In one of her speeches, in Edinburgh in 1873, Taylour was putting forward the suffragists' case using

the argument of simple justice; the evidence that women had voted in a greater proportion than men in the English municipal elections in 1872 and voted in School Board elections; the franchise, attached to property, constitutionally should include women as taxpayers; the argument of lack of education did not prevent illiterate men from having the vote, and in any case the franchise was based on property; women, in a country ruled by a queen, should not be prohibited from public life; religious objections depended on narrow interpretations of Christian principles. Taylour’s lecture was followed by a resolution which emphasised that taxation was the basis of representation."

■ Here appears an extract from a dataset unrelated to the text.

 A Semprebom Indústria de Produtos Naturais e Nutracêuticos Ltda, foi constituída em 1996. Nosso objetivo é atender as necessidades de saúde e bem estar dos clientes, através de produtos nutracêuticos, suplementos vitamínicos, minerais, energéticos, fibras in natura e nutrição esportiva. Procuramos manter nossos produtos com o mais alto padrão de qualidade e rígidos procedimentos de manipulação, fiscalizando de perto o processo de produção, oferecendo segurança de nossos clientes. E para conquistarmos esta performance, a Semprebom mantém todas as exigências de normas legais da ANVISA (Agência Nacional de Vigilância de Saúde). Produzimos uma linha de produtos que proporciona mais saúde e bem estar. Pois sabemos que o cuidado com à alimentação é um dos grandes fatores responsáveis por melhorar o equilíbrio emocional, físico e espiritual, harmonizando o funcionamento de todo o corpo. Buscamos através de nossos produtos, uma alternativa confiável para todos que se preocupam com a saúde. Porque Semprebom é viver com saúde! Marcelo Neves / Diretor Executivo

=== Lecture tour impact ===
She was accompanied on some of her lecture tours in Scotland by fellow campaigners Mary Hill Burton and Agnes McLaren. McLaren and Taylour travelled to the north of Scotland because "everything that could be done in Edinburgh had been done", as members of the Edinburgh National Society for Women's Suffrage and county members had voted and petitioned, and the Town Council had petitioned in favour of votes for women.

The meetings were popular, and in some cases people had to be turned away. Taylour's lectures were given extensive media coverage; The Orkney Herald gave her lectures in Orkney full coverage and reproduced her speeches in full, and her speech in Lerwick in Shetland on 12 September 1873 was fully reported in The Shetland Times. Her arguments were based on logic statements: “Firstly, the ladies claim the right to the electoral suffrage as it is consistent and logical; secondly, as taxes can only be levied by Parliament, elected by the tax-payers, we hold it unconstitutional to impose a barrier on [tax-paying] women.”

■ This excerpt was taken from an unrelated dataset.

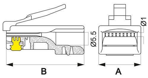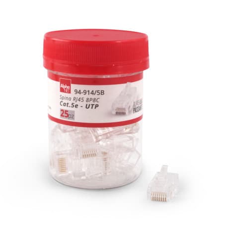 ALPHA ELETTRONICA - Spina RJ45 8P8C Cat.5e UTP AWG24-26 Passante - Contatti dorati 94-914/5B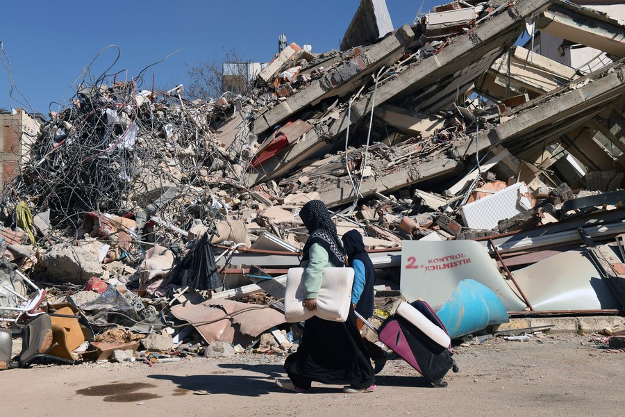 People walk past a collapsed building in Adiyaman, Türkiye, Feb. 18, 2023. (Photo by Mustafa Kaya/Xinhua)

The Women's Suffrage Journal commented about one of her lectures that "Miss Taylour has all the requisites of a public lecturer. Her composition is chaste and elegant, her voice distinct and agreeable, and her manner attractive and graceful".

Taylour delivered a number of lectures in Gainsborough, Lincolnshire. On 12 March 1885 she was one of several speakers at the Temperance Hall, along with Florence Balgarnie, Jessie Tod, and Ann Radford McCormick. She returned two years later on 18 January 1887 to give a lecture on allowing women greater political and social equality with men, and returned to Gainsborough again on 31 May 1885 on women and politics at the Primitive Methodist Mutual Improvement Association.

=== Official roles ===
Taylour was the First Honorary Secretary of the Galloway branch of the National Society for Women's Suffrage from 1870 to 1872. She was joint Secretary of the Edinburgh National Society for Women's Suffrage, one of the first three suffrage societies to be formed in Britain, with Agnes McLaren from 1873 to 1876, and an executive member of the central committee of the national Society. In 1901 she was a vice-president of the National Union of Women's Suffrage Societies.

In Saffron Walden, in 1895, she was Secretary of the local branch of the British Women's Temperance Association, and was influential in getting women appointed to the local Board of Guardians.

=== Recognition ===
In recognition of her voluntary efforts for the cause of women's suffrage in Scotland, Taylour was presented with jewellery and 150 guineas.

The Workers' Education Association included Taylour in their history of Scottish Suffragists webpage. On the centenary of the right of some women to vote, Representation of the People Act 1918, Jane Taylour featured on the Glasgow Women's Library website with an animated video on her impact as one of the first woman to lecture in public. She also was mentioned on the University of Edinburgh Information Services Celebrating 100 years of votes for women. Taylour is one of the activists included in Scotland's Suffragette Trumps and educational packs sent to Scottish schools.